Looking at Fassbender’s back for three long minutes, I found myself captured by the charm of a character whose robotic coldness reminded me of Fassbender’s David 8 (of course minus the sadism, the genocidal plans, and the fact of being an actual robot (So maybe he didn’t resemble him at all, but being a novice in this field I need to show my readers that I’m able to draw parallels from other pieces of cinema so to acquire credibility points (even though these parallels do not make sense at all (I’ll open another parenthesis just because I want to and there is nothing you can do about it)))).
“If she’s in trouble, even of her own making, I will do everything in my power to extricate her. No matter what that means. You understand?”
It was only the first of a series of psychologically traumatised characters that I would meet in the following 90 minutes, all of whom with their histories, their idiosyncrasies, their desires, their morals, their motivations, and their black bags. A group of people in which every person has secrets that they share with somebody else while hiding them from the rest. Everybody lies for their interests, everybody uses others for their advantage, and everybody is blind to how they are being used. Everybody has a fragment of the puzzle, yet nobody sees it in its entirety.

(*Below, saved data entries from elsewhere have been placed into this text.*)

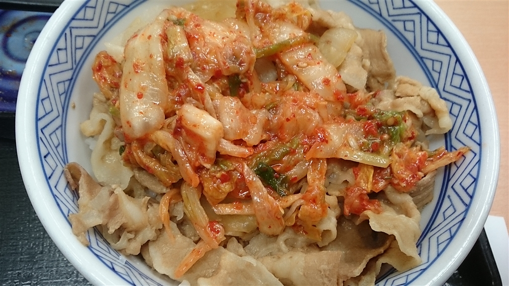キムチを豚丼にのっけます。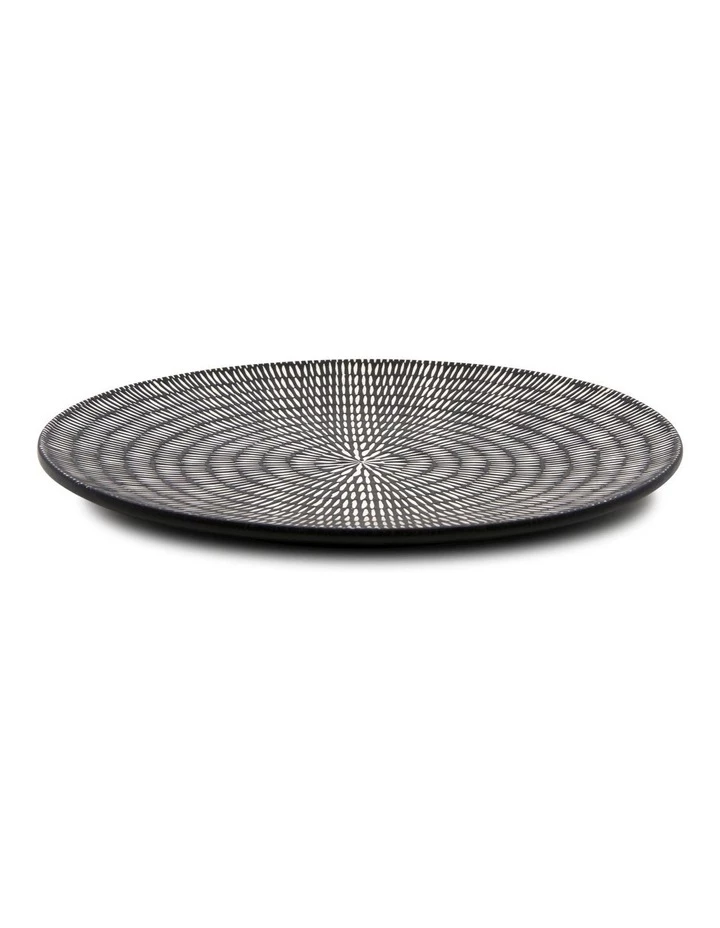 Shibori, earthy colours and eclectic forms and patterns combine in this screen-printed OSAKA round platter by Salt&Pepper.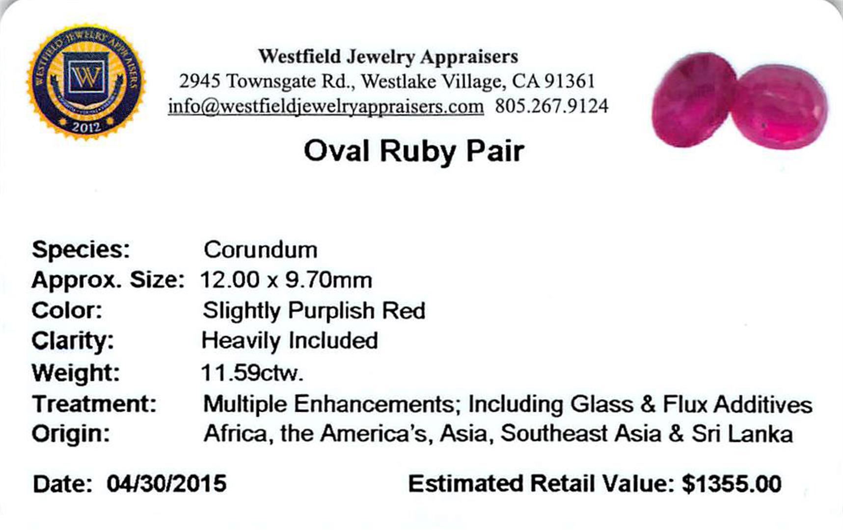 Two oval mixed cut natural rubies, measuring 12.00 x 9.70 x 5.70mm, exact total weight 11.59ct., clarity is heavily included, type II, dark, very slightly brownish, slightly purplish red color, (GIA slpR 7/3), cut is good. Transmitting light somewhat diffusely, translucent. Naturally occurring internal & external characteristics are present. Indications of laboratory high temperature heat treatment, with glass & flux additives. Ruby has a low tolerance to rhodium plating, repolishing the surface, & ultrasonic cleaning. Westfield Appraised at $1,355.00.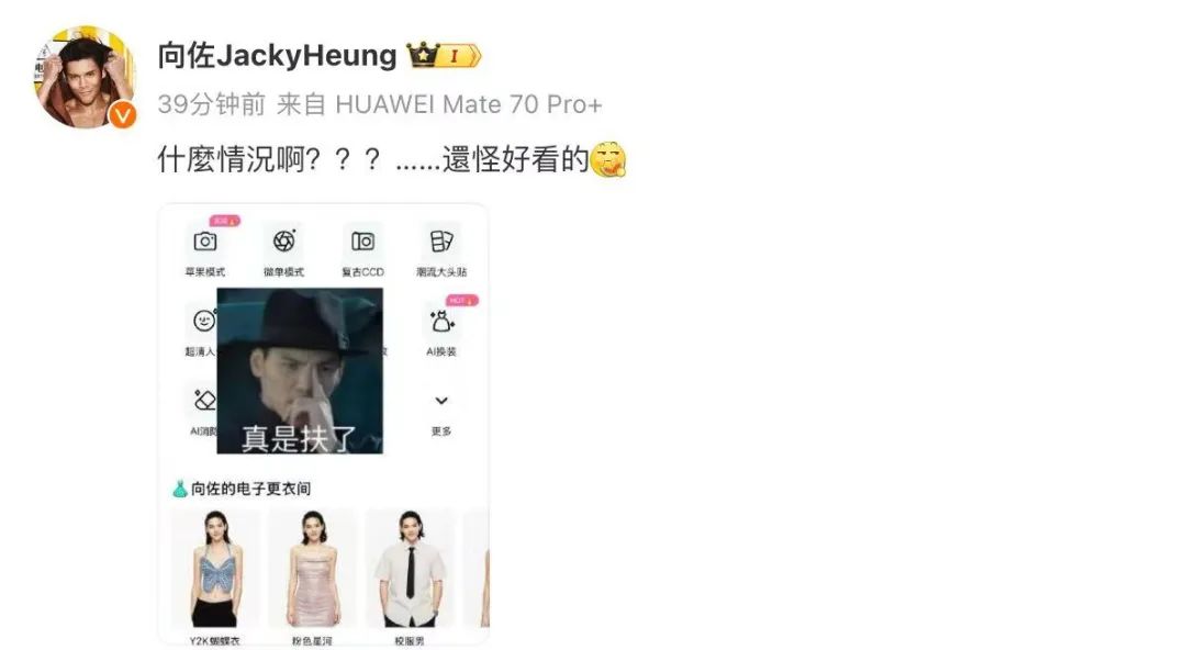 向佐本人也忍不住玩梗,“什麼情況???雖然都還挺美的。”答曰,“佐哥你就説愛不愛吧”。
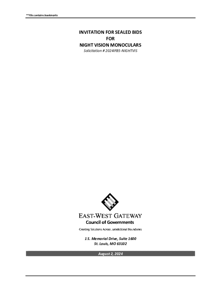 The document is a formal invitation for sealed bids for acquiring 56 night vision monoculars for law enforcement, detailing bid specifications and submission requirements.

Michael Fassbender plays George Woodhouse, a secret agent who hates liars and who needs to understand who is lying to him. A secret agent who is tasked with finding the mole within the Intelligence. A secret agent whose suspicions are brought onto the person he trusts the most. Set on this very day, Black Bag is about choices and dilemmas, like the one faced by its protagonist: Would you betray your ideals for love? Would you betray your country for it? Your conscience? Your very essence? Would you kill for it? Would you lie?
A dinner, a little bit of truth serum, and you’ll be absorbed in a compelling spy thriller in which every individual is a cog in a bigger picture they cannot fully grasp. A puzzle that will be composed only at the very end, when Koepp and Soderbergh (here also cinematographer and editor, as usual) pull the strings with style, helped by a stellar cast ranging from Cate Blanchett to Naomie Harris, from Pierce Brosnan to Tom Burke (Praetorian Jack in George Miller’s Furiosa).
“When you can lie about everything, when you can deny everything, how do you tell the truth about anything?”